• **Required work**: Once the line with "CREATIVE INTERNATIONAL established" is found in the entries below, repeat it and each following line exactly, up to and including the line with "332 전체 번호 분류군". Add no other lines.
---------- Data excerpts
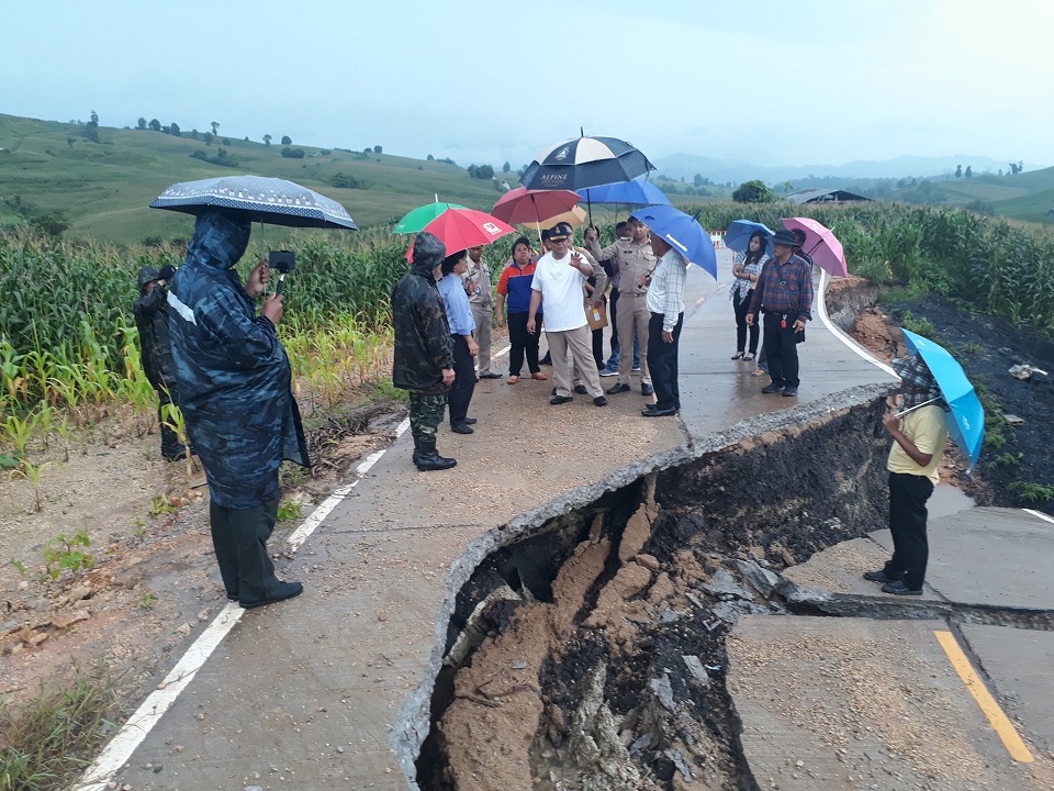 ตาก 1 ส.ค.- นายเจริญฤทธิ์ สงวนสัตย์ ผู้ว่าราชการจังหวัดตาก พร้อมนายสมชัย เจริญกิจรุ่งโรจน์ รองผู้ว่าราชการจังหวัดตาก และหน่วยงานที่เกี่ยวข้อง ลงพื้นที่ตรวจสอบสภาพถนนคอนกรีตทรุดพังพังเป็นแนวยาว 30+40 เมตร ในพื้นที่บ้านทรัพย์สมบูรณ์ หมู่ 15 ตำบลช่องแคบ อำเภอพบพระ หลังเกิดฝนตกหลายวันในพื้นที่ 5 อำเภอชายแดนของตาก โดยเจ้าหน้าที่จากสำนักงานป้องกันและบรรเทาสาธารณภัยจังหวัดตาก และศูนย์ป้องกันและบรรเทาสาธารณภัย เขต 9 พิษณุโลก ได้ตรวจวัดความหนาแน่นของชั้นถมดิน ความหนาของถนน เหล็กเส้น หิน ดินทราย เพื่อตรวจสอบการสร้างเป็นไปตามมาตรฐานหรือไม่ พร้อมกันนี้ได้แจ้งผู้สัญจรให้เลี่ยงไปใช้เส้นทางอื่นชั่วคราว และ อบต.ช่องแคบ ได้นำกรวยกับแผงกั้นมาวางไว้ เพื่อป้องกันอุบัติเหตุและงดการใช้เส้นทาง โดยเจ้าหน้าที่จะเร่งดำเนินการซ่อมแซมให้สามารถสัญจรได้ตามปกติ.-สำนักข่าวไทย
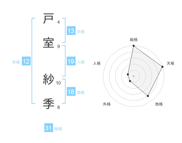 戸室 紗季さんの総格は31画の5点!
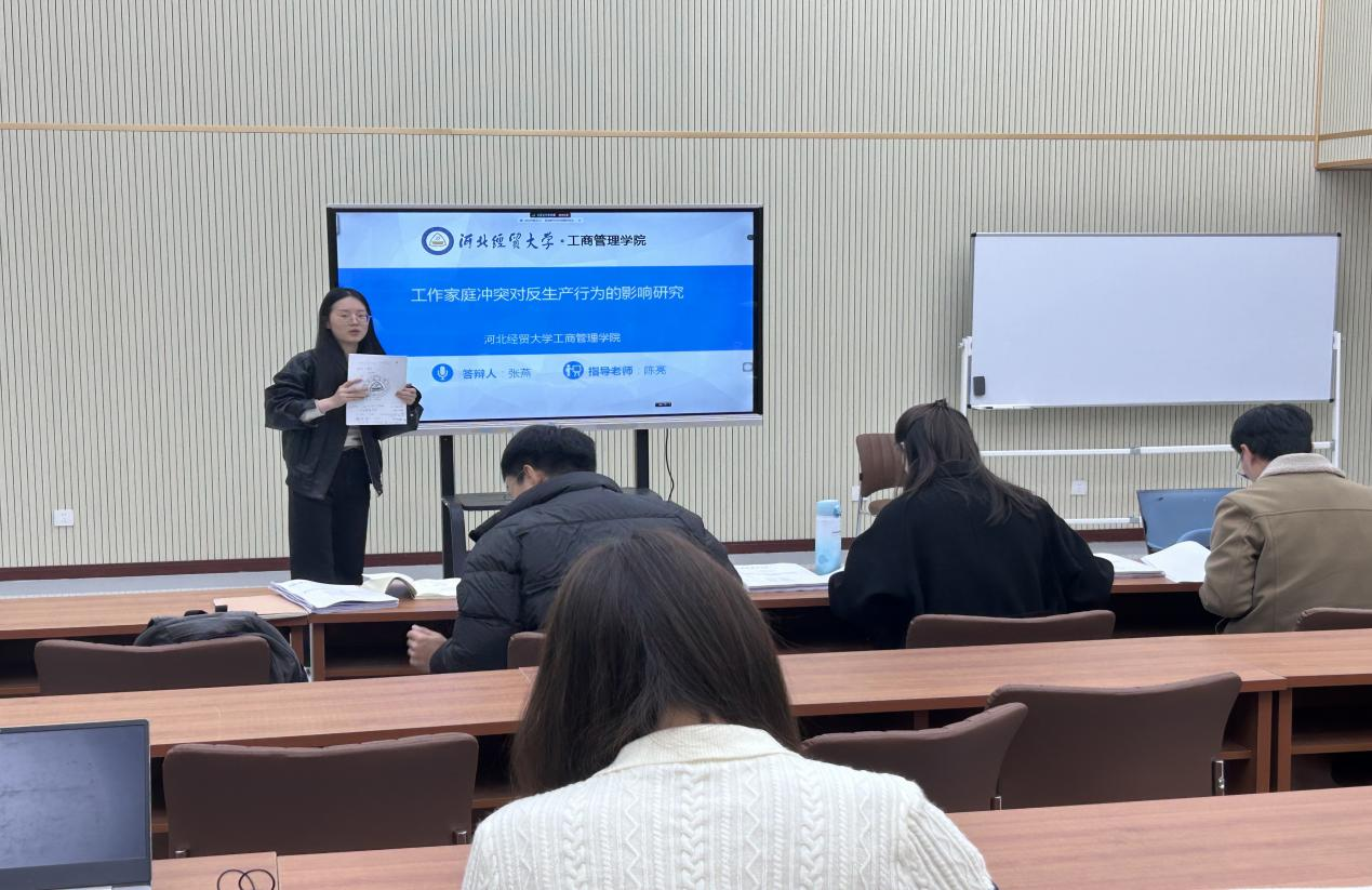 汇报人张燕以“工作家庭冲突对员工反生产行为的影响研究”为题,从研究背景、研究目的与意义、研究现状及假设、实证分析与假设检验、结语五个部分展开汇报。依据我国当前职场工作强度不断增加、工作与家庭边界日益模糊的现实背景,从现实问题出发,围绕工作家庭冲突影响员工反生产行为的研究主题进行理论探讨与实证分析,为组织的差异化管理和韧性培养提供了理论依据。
--------------------
---------- Data excerpts
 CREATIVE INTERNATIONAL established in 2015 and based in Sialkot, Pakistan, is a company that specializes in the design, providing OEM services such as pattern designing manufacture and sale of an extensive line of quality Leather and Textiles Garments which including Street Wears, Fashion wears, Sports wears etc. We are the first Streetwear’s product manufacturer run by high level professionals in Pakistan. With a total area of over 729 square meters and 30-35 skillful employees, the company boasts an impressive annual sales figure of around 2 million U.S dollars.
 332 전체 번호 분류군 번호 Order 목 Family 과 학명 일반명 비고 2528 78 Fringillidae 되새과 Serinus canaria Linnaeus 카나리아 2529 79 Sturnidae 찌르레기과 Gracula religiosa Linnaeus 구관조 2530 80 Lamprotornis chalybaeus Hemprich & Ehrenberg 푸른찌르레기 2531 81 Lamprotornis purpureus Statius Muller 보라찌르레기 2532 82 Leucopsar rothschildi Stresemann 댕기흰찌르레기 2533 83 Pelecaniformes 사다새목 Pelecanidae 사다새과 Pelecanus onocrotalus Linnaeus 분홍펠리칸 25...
--------------------
• **Task result**:
 CREATIVE INTERNATIONAL established in 2015 and based in Sialkot, Pakistan, is a company that specializes in the design, providing OEM services such as pattern designing manufacture and sale of an extensive line of quality Leather and Textiles Garments which including Street Wears, Fashion wears, Sports wears etc. We are the first Streetwear’s product manufacturer run by high level professionals in Pakistan. With a total area of over 729 square meters and 30-35 skillful employees, the company boasts an impressive annual sales figure of around 2 million U.S dollars.
 332 전체 번호 분류군 번호 Order 목 Family 과 학명 일반명 비고 2528 78 Fringillidae 되새과 Serinus canaria Linnaeus 카나리아 2529 79 Sturnidae 찌르레기과 Gracula religiosa Linnaeus 구관조 2530 80 Lamprotornis chalybaeus Hemprich & Ehrenberg 푸른찌르레기 2531 81 Lamprotornis purpureus Statius Muller 보라찌르레기 2532 82 Leucopsar rothschildi Stresemann 댕기흰찌르레기 2533 83 Pelecaniformes 사다새목 Pelecanidae 사다새과 Pelecanus onocrotalus Linnaeus 분홍펠리칸 25...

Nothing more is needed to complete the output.